Well, this is what I have - the D2X, but if that was your budget, I would go for...

Nikon D200
Nikon lenses: 50 mm/1.4 (around $300), 85mm/1.8 (around $300), 28-70/2.8 (around $1,400) and 70-200/2.8 (around $1,400)

Now I have all these lenses with the D2X, so I can honestly say, they rock!  I also have the Sigma 105/2.8 macro and Sigma 10-20 super wide angle, but even though I think they are great to have for my nature stuff, I don't use them as often as the others.

I don't use flash, I don't use filters, I do use a monopod though with the 70-200 when I shoot sports


----------



## thebeginning (Jul 8, 2006)

JodieO said:
			
		

> Well, this is what I have - the D2X, but if that was your budget, I would go for...
> 
> Nikon D200
> Nikon lenses: 50 mm/1.4 (around $300), *85mm/1.4 (around $300)*, 28-70/2.8 (around $1,400) and 70-200/2.8 (around $1,400)
> ...



is it really that inexpensive?  i know the 1.8 is somewhere around $300-$400...


----------



## DonSchap (Jul 8, 2006)

My "sources" say wait until AFTER "_Fotokina_", in Cologne, Germany, this September... BEFORE you make any more purchases this year. 

The word is... some important and stunning new introductions are going to be made. Since this is an every OTHER year event... this advice could be dead on.

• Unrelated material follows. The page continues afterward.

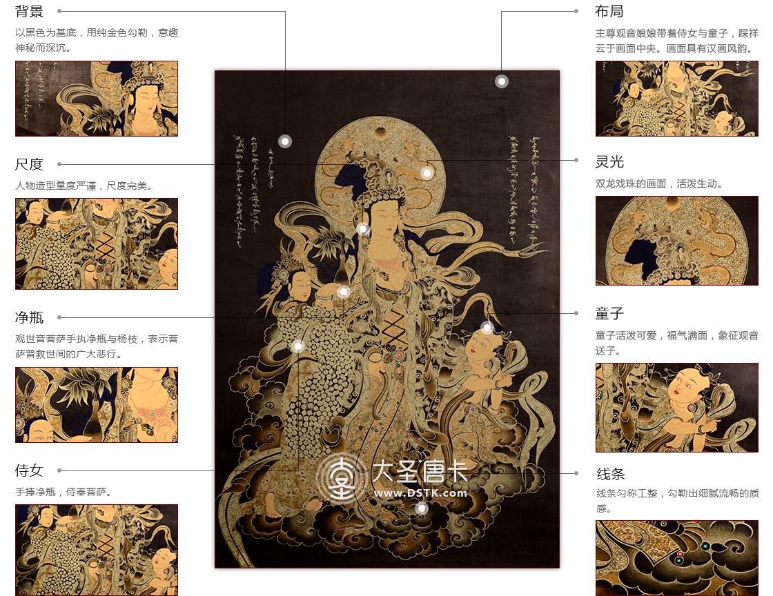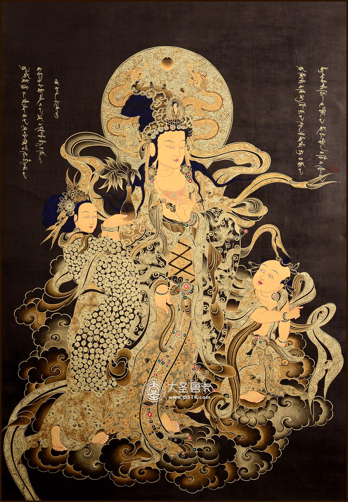 產地:熱貢 工藝:黑金 創作年份:2015 題材:送子觀音 繪制時間:24月 尺寸:*68*97cm 裝裱:無裱 材質: 使用場地:

Let's all wait and see... enjoy your summer.


----------



## JodieO (Jul 9, 2006)

thebeginning said:
			
		

> is it really that inexpensive? i know the 1.8 is somewhere around $300-$400...


 
Ooops... that was a typo... it's the 85mm/1.8 I was talking about... fingers got to typing too fast!   The 1.4 is somewhere around a grand I believe... I tend to use the 1.8 in some low light once in a while, but I prefer the bokeh on the 70-200 in that range, so I have not gone with the 1.4.


----------



## Digital Matt (Jul 9, 2006)

If I had $6500, I'd keep saving until I had around $60 - $70 K, and then entertain buying a Mamiya 645 AFD, a 4x5 monorail setup, and a Phase 1 P45 digital back for each.


----------



## kordd (Jul 9, 2006)

disposable.....


----------



## EBphotography (Jul 11, 2006)

Disposable eh?   I would give the money to a trusted member of TPF and ask them to help me spend it, because I don't know enough about lenses. I don't think anyone on here would mind spending other peoples money, would they?


----------



## thebeginning (Jul 11, 2006)

if i had 6,500 to spend (give or take a couple hundred) i'd look into this setup:

Canon 5d, 20d (already have), 580ex, 35mm f1.4L, 50mm 1.4 (i'd sell my 1.8II), 85mm 1.8 (already have) 135mm f2L, 1.4x TC, 17-40L (perhaps to trade for my tamron 17-35 2.8-4), 24-70L, 70-200 2.8L IS (already have).


----------



## MommyOf4Boys (Jul 11, 2006)

Nikon D2X body = $2920  (found it cheaper than B&H)
Nikkor 18-200mm ED DX VR = $800
Nikkor 50mm 1.8D = $95
Tokina 12-24mm = $400
Nikkor 35mm 2.0D = $445
Used (no longer made) Nikkor 75-300mm = $200
Nikkor 80-200mm f/2.8D ED = $830
NIkkor Micro/Macro 105mm f/2.8D = $900
--------------------------------------------
Total $6590

So I went over $90, oh well lol


----------



## omeletteman (Jul 13, 2006)

This was fun, but now who is giving me the $6500?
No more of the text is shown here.